Patients meeting the AIRWAYS-3 inclusion criteria will be enrolled. Aged > 18, undergoing cardiopulmonary resuscitation and a clinician present able to perform both tracheal intubation and insertion of an SGA.
Patients in the emergency department, patients under 18 and pregnant patients will excluded. Patients will be treated exactly as per the AIRWAYS-3 protocol.
Following randomisation a VFD device will be placed in the breathing system (Figure 2). The device will be left in situ until manual ventilation ceases during the IHCA event. The VFD will be used with the screen deactivated so as not to affect the airways rescuers normal practice. Cessation of manual ventilation may occur for the following reasons: patient resumed breathing spontaneously, use of mechanical ventilator, decision to stop resuscitation event (death).

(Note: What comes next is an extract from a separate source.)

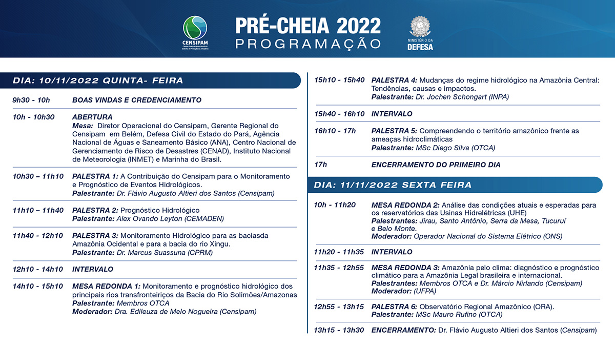 Brasília (DF), 09/11/2022 – O Ministério da Defesa (MD), por meio do Centro Gestor e Operacional do Sistema de Proteção da Amazônia (Censipam), promoverá, nos dias 10 e 11 de novembro, em Belém (PA), o evento "Pré-Cheia 2022 – Análise e Prognóstico para 2023".
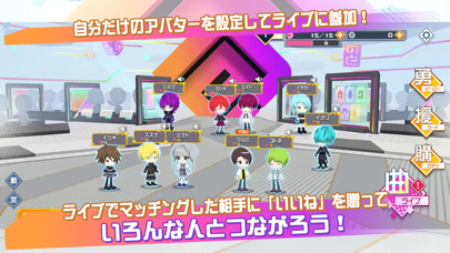 『#コンパス』でおなじみのボカロ曲を多数収録した、オンライン共闘リズムゲームです。仲間と一緒に盛り上がれるところが醍醐味。リアルタイムでマッチングした複数のプレイヤーと一緒に、迫力のライブを体感しましょう。

Anonymised ventilation data will be downloaded following each IHCA event. The following data will be collected alongside from the existing NCAA data and AIRWAYS-3 CRF.
Respiratory data to be collected from VFD:
Mean and range values will be recorded for each parameter and grouped according to advanced airway device used.
Data will be analysed using a commercial statistical software package. Descriptive and comparative statistical calculations will be performed including mean/median average, standard deviation, correlation, the Chi Square and Student t tests. Correlations and predictions will include regression analysis, Wilcoxon Rank Sum and ANOVA. If more advanced statistical analysis is required (the need for which will be based on the results from the simple statistical calculations and quality of data obtained), then a formal statistical consult will be sought from the Warwick Clinical Trials Unit.
Sample Size A power calculation has been completed. Experimental bench data suggests manual bag ventilation achieved tidal volumes of 480ml during cardiopulmonary resuscitation. Based on a mean tidal volume of 500ml to detect a minimal difference of 100ml with a standard deviation of 100ml with power set at 80% and significance of 0.05. The study will require 15 participants per group. Total sample size = 30.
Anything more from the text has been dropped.